The resulting fury of the Catholic League was so great that the king soon fled Paris and made common cause with Henri of Navarre. Now the civil war was the two Henris together — and the Catholic League opposing them. We come here to our date’s principal character, Barnabe Brisson (English Wikipedia entry | French), a distinguished jurist† in the Parlement of France. While most of this chamber followed the king out of Paris, Brisson chose to remain. “The Sixteen,”‡ the council of Catholic militants who now ruled Paris with the support of a populist militia, elevated Brisson to President of the Parlement.

In 1589 the Henris besieged staunchly Catholic Paris in an attempt to bring the civil war to a close. In a classic Pyrrhic victory, the League defeated this attempt by having a priest assassinate King Henri.


… and now we’re down to the last Henri.

While this action did break the siege, and avenge the murder of Guise, it made Henri of Navarre into King Henri IV. (Told you we’d get there.) The Catholic League’s attempt to recognize the new king’s uncle, a Cardinal, as the successor went nowhere at all, and at any rate this man himself died in 1590.

This succession greatly deepened the internal tension among Paris Catholics between the uncompromising men of the Sixteen and the moderate politiques, and the latter party’s interest in finding with the legitimate king a settlement that looked increasingly inevitable. After all, were these armed commoners really going to rule Paris indefinitely?


An armed march of the Holy League in Paris in 1590. (Anonymous painting)

The situation provoked the ultras among Paris’s ruling Sixteen to more desperate measures in a vain effort to maintain control. Their faction’s own post-Guise leader among the high nobility, the Duke of Mayenne, had refused inducements to seize the crown himself or to seat a sovereign provided by the League’s Hapsburg allies. He too was visibly sliding towards an accommodation with the heretic king. (He would reach one in 1596.) In much the same camp was an establishment figure like Brisson whose staying behind in Paris during the confused situation of 1588-1589 was scarcely intended to declare that his allegiance to creed surpassed all care for order. The man was a lawyer, after all.

During Mayenne’s absence from the capital in the autumn of 1591, the Sixteen mounted a radical internal coup and attempted to purge the city’s moderates. Brisson was arrested walking to work on the morning of the 15th and subjected along with two other jurists to a sham snap trial. All three were hung by lunchtime, and per a proposal floated among the council that afternoon were the next morning fitted with denunciatory placards and displayed on gibbets at the Place de Greve.

Barnabé Brisson, a chief traitor and heretic

Claude Larcher, an instigator of treacherous politiques

Jean Tardiff, an enemy of God and of Catholic princes

Their shocking exhibition was intended to incite a “St. Barthelemy des politiques” — a St. Bartholomew’s Day-esque pogrom against the politique moderates.

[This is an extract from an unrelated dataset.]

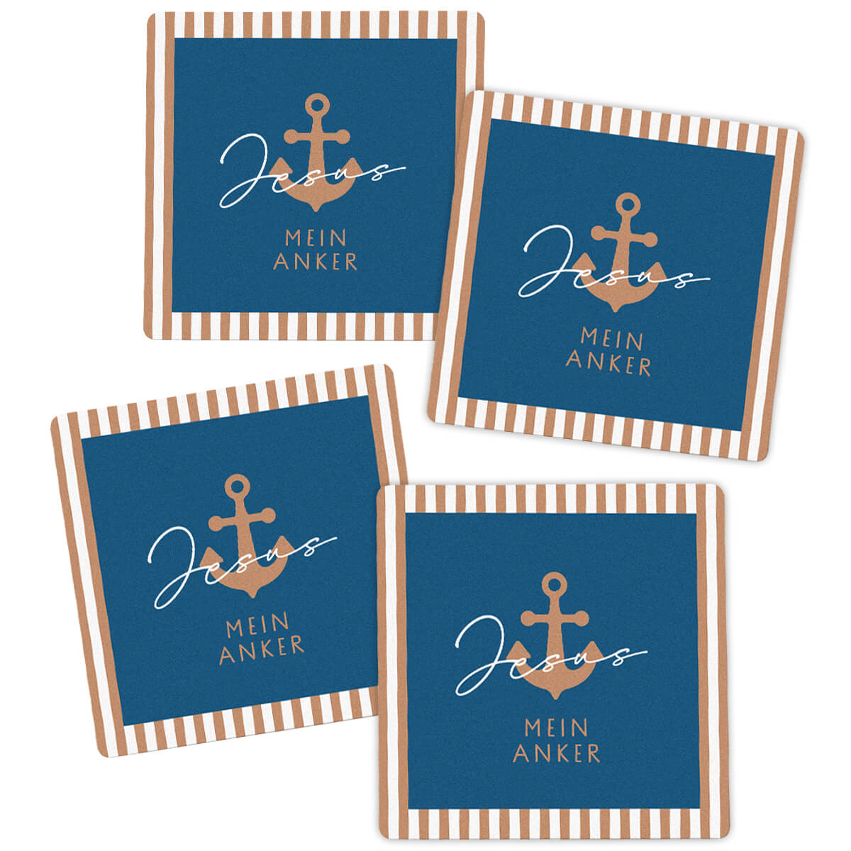 Vier Untersetzer mit Anker-Motiv "Jesus - Mein Anker".

But the Sixteen had badly misjudged the mood of the city. The crowd beheld the mangled corpses silently, full of horror or pity — emblematic of the turning-point France was nearing in its interminable confessional strife. Despite the Catholic League’s strength in Paris, most Parisians were losing their appetite for bloodshed. The Duke of Mayenne was back in the capital by the end of the month and underscored the coming arrangements by seizing four of the Sixteen for summary execution themselves.

Two years later, Henri IV at last took Paris in hand by making a nominal conversion to Catholicism with the legendary (alleged) remark, “Paris is worth a Mass.”§

French speakers may enjoy this 19th century pdf biography of Brisson by Alfred Giraud.

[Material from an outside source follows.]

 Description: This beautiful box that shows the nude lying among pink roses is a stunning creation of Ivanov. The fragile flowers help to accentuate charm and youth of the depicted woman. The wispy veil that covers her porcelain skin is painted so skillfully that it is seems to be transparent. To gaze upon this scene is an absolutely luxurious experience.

* “Du Contemnement de la mort. Discours accomode a la miserable condition de ce temps” (blockquoted section) and Replique pour le Catholique Anglois, contre le Catolique associe des Huguenots (D’Orleans quote). Both via Dalia Leonardo in “Cut off This Rotten Member”: The Rhetoric of Heresy, Sin, and Disease in the Ideology of the French Catholic League,” The Catholic Historical Review, April 2002.

** Also of interest: this 1908 silent film of the assassination of the Duc de Guise, scored by Saint-Saens.

† Brisson’s dictionary of Justinian legal terminology remained in print until 1805. He also in 1587 produced a compilation of the laws of France as Le Code du Roy Henri III.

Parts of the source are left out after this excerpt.